◆賑やかな夏の星たちが西空に傾くと秋の夜空はずいぶん寂しくなり、南空の一等星フォーマルハウトが印象的です。秋の夜空は古代エチオピア伝説の舞台。アンドロメダ姫の腰の近くに双眼鏡を向けると、230万光年彼方のアンドロメダ銀河が見つかります。
◆小さな天体は太陽や惑星の引力の影響を受けやすいので、その軌道は複雑で不安定です。これらの天体はいつ地球との衝突コースをとるかわかりません。実際、小惑星の中には小惑星帯を外れて惑星軌道に接近するものがあり、これを特異小惑星と呼びます。惑星は昔から小天体の衝突にさらされてきました。金星は他の惑星とは自転の方向が逆です。火星の自転軸は不安定でフラフラしています。天王星の自転軸はほとんど横倒しです。土星や木星など巨大惑星には岩や氷でできたリングがあります。これらは小天体が衝突した結果ではないかと考えられています。もし直径数㎞の小惑星が地球に衝突したらどうなるでしょうか。6500万年前メキシコのユカタン半島に落下した隕石が地球環境を変化させ、地上の王者だった恐竜を絶滅させたという話は有名ですが、この隕石の直径はたった10㎞です。
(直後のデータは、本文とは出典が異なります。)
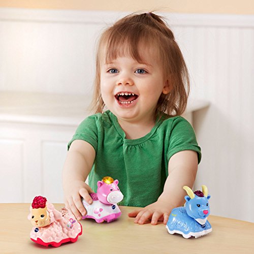Go on an adventure with this online exclusive Go! Go! Smart Animals bundle pack! Press the light-up button on each animal to activate music, sounds and phrases. Learn about the animals, letters and more through pretend play. Kids can pretend to go on an adventure with Helen the horse, Shelly the sheep and Gloria the goat included in this Go! Go! Smart Animals 3-pack. Perfectly sized for little hands, these electronic animals entertain children with a light-up button that activates music, sounds and phrases. Through pretend play, they'll learn about the animals, letters and more. Each animal also responds with music, sounds and phrases to SmartPoint locations on Go! Go! Smart Animals and Go! Go! Smart Wheels playsets (each sold separately). Requires a total of 6 AAA batteries (2 for each animal) which are included for demo purposes, use new batteries for regular use. Intended for ages 1 to 5 years.Feature

◆宇宙の歴史の中では天体衝突はありふれた事件です。私たちが気づかないうちに地球に近づく小天体はたくさんあります。過去には月と地球の間を通り抜けた小惑星がいくつかありますし、ごく最近も地球とのニアミス事件がありました。1989年には直径400mの小惑星が地球から64万㎞を通過、1972年には直径80mの小惑星の破片がアメリカのアイダホ州上空60㎞をかすめて再び宇宙に戻って行きました。2000年1月にはカナダ上空で250トンの小惑星が地球大気に突入し、空中で大爆発を起こしました。また、1983年に加古川市在住の菅野さんが発見した「菅野・三枝・藤川彗星」のように地球にニアミスした彗星もあります。美しく尾を引いて私たちを楽しませてくれる彗星もひとつ間違えば人類の脅威です。
◆最近、世界中の天文台で地球近傍小天体NEOの本格的な探索が始まりました。今年1月に直径800mの小惑星2000BF19が発見されましたが、これはNEOの1つで2022年に百万分の1の確率で地球に衝突すると発表されました。このような衝突の危険を秘めた小惑星は数百個はあると推測されています。もしこれらの小惑星が地球に衝突したら、恐竜絶滅の時と同じことが起きるでしょう。天体衝突というとまるでSF映画のように感じますが、興味本位ではなくもっと科学的に監視していくことが大切です。